Member of Parliament
- In office 26 November 2016 – 20 February 2022
- In office 5 December 1996 – 7 January 2013

Mayor of Mosta
- In office 2015–2016
- Preceded by: Shirley Farrugia
- Succeeded by: Ivan Bartolo

Personal details
- Born: June 24, 1961 (age 64)
- Party: Nationalist Party (until 2023;2025 – ) Independent (2023 – 2025)
- Spouse: Caroline Vassallo
- Children: 2
- Alma mater: University of Malta

= Edwin Vassallo =

Maltese politician and businessman

Edwin Vassallo (born 24 June 1961) is a Maltese politician and businessman who served who served as a member of the Parliament of Malta from 1996 to 2022 with the Nationalist Party. He was first elected to Parliament in the 1996 Maltese general election, and took office on 5 December 1996, and would serve until 20 February 2022 when Parliament dissolved before the 2022 elections. Vassallo was defeated in 2022 elections. Vassallo served as a Parliamentary Secretary (junior minister) in various capacities under the premierships of Eddie Fenech Adami and Lawrence Gonzi from 1998 until 2008. He also served as the mayor of Mosta from 2015 to 2016. Vassallo was also a member of the Parliamentary Petitions Committee in the Thirteenth Legislature from 2017 until 2022.

A shopkeeper, Vassallo chose to run in the 1996 elections for the Nationalist Party. Over the years, Vassallo was widely regarded as one of the most Catholic ultra-conservative members of Parliament. The Malta Today wrote in 2022 that his "shopkeeper mentality gave him a lack of sophistication that ironically brought him the allure of a man of the people, a marked distinction in a party of lawyers." Vassallo had been one of the most vocal opponents of the introduction of divorce in Malta, which was approved by voters in a 2011 referendum. He was also the only MP to oppose the introduction of same-sex marriage in Malta in 2017, and also voted against a domestic violence bill in 2018 which integrated the Istanbul Convention into Maltese law.

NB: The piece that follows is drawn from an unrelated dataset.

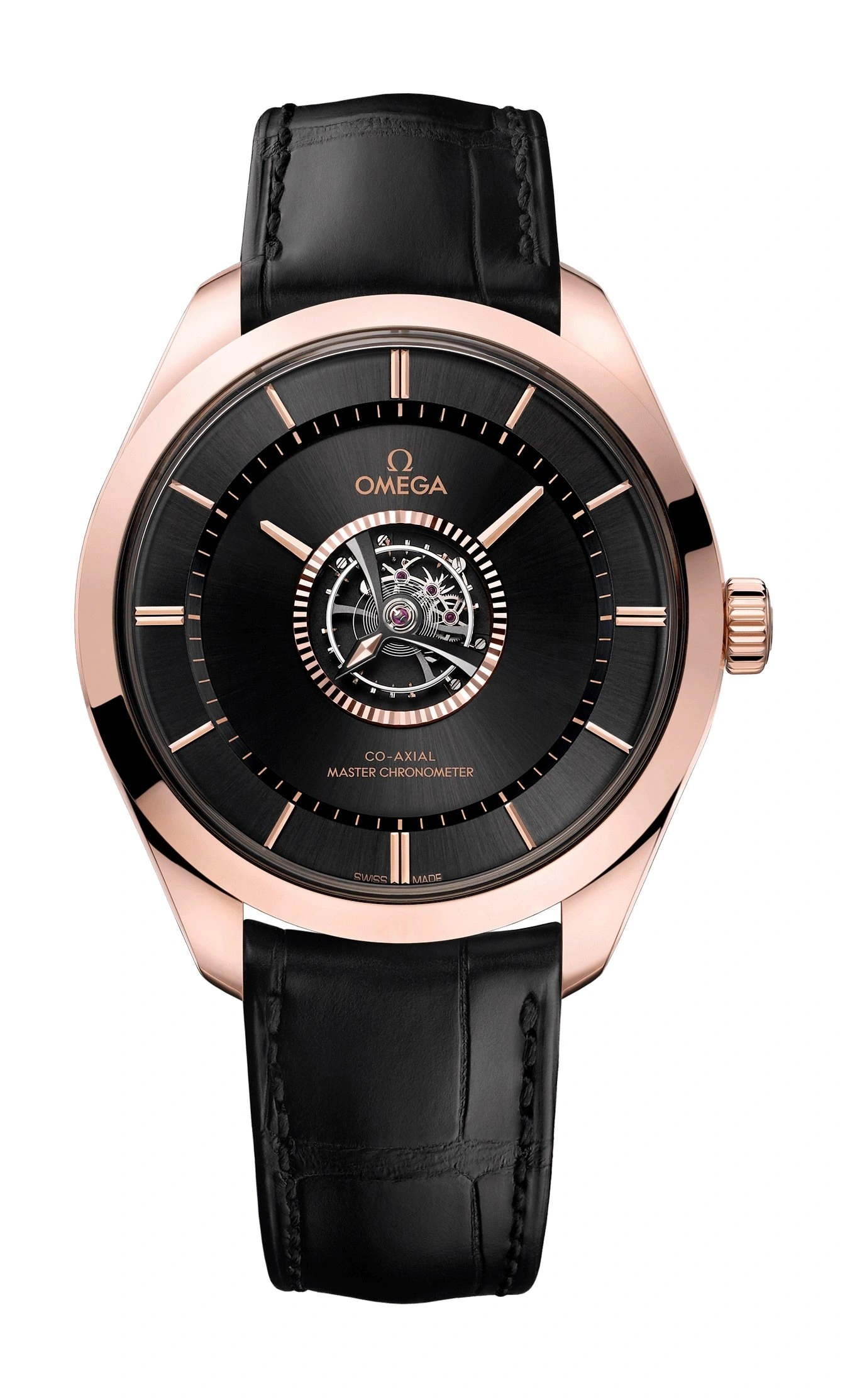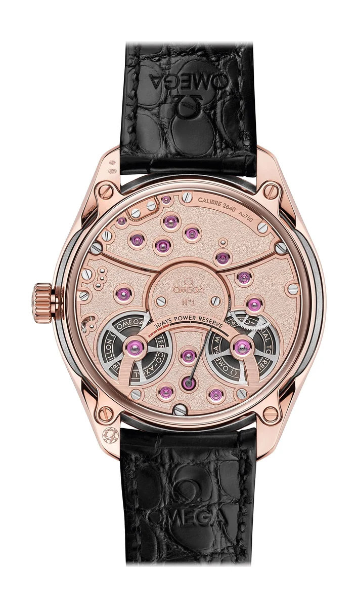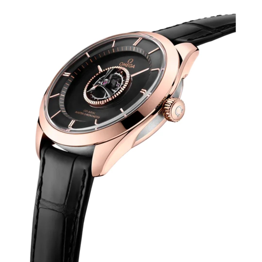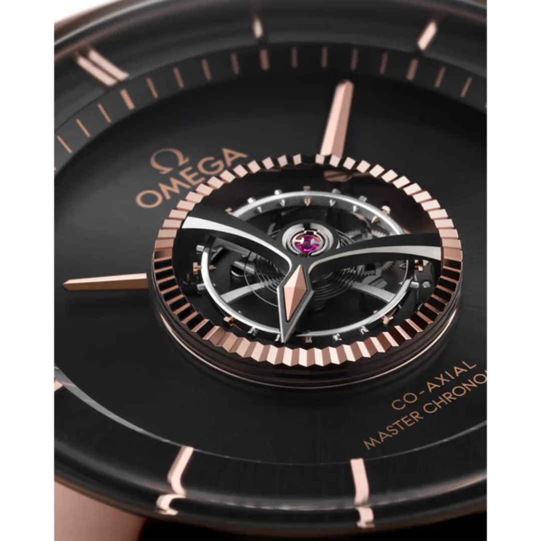 Introduced in 2020, the Omega De Ville reference 529.53.43.22.01.001 features the brand's first hand-wound 'Master Chronometer' tourbillon movement, which is housed in a case of a blend of 18K Sedna gold and 18K Canopus gold. Handcrafted by a team of selected watchmakers at OMEGA's Atelier Tourbillon in Switzerland, this extraordinary timepiece is the first hand-wound central tourbillon watch to be awarded Master Chronometer certification. The timepiece features a case made of a blend of 18K Sedna™ gold and 18K Canopus Gold™, an 18K Sedna™ gold bezel, and a sun-brushed dial in the same shiny material with black PVD coating.

== Post-parliamentary political career ==
Edwin Vassallo claimed in a video in 2023 to have left the Nationalist Party citing his values and in turn founded a think-tank called the Solidarity Movement (Maltese: Moviment Solidarjetà), which he led as coordinator. Vassallo, through MS, has collaborated with the People's Party on a press-conference regarding road projects and works in his native Mosta which he claims were full of irresponsibly planned and resulted in injuries due to lack of safety procedures. He is currently a candidate for the 2024 European Parliament elections as an independent.

In June 2025, Vassallo and Jacob Gauci Cunningham founded the Christian conservative political organisation National Democratic Union (Unjoni Demokratika Nazzjonali (UDM)). Vassallo stressed that the UDM is a political organisation, not a political party. He did not rule out evolving the organisation into a political party in the future.

Vassallo met with PN's newly-elected leader Alex Borg in December 2025 on the latter's invitation. Vassallo stated he witnessed a "renewed energy" by the new party leadership and offered his assistance. He did not rule out contesting a general election with PN again. Vassallo also stated he saw no reason to close down Moviment Solidarjetà despite rejoining PN.

== Electoral history ==

=== European Parliament elections ===

| Election | Party |  | FTP Votes | FTP% | Result / Notes |
|---|---|---|---|---|---|
| 2024 |  | Independent | 712 | 0.28 | Not elected, eliminated on Count 21, 902 votes |

=== General elections ===

Party: Election; District/s Contested; FTP Votes; FTP%; Result / Notes
Partit Nazzjonalista; 1996; Unknown, no clear data; Elected
1998
2003
2008: District 7; 755; 3.2%; Not elected
District 11: 2047; 9%
2008 casual elections: Co-opted
2013: District 7; 438; 1.8%; Not elected
District 11: 1263; 5.1%; Initially not elected due to mistake by electoral commission, as later ruled by the Constitutional Court.
2017: District 7; 256; 1%; Not elected
District 11: 438; 1.8%; Elected on the 22nd count
2022: District 7; 490; 2%; Not elected
District 11: 371; 1.5%

=== Local elections ===

| Party |  | Election | Local Council Contested | FTP Votes | FTP % | Position | Result / Notes |
|---|---|---|---|---|---|---|---|
|  | Partit Nazzjonalista | 2015 | Mosta | 2774 | 21% | 1st | Elected as Councillor, and subsequently as Mayor |

==Personal life==

Edwin Vassallo is married to Caroline, with whom he has 2 sons. The family resides in Mosta.

Vassallo is a Catholic and his opposition to, and the nay vote to the Marriage Equality Act, were inspired from these beliefs.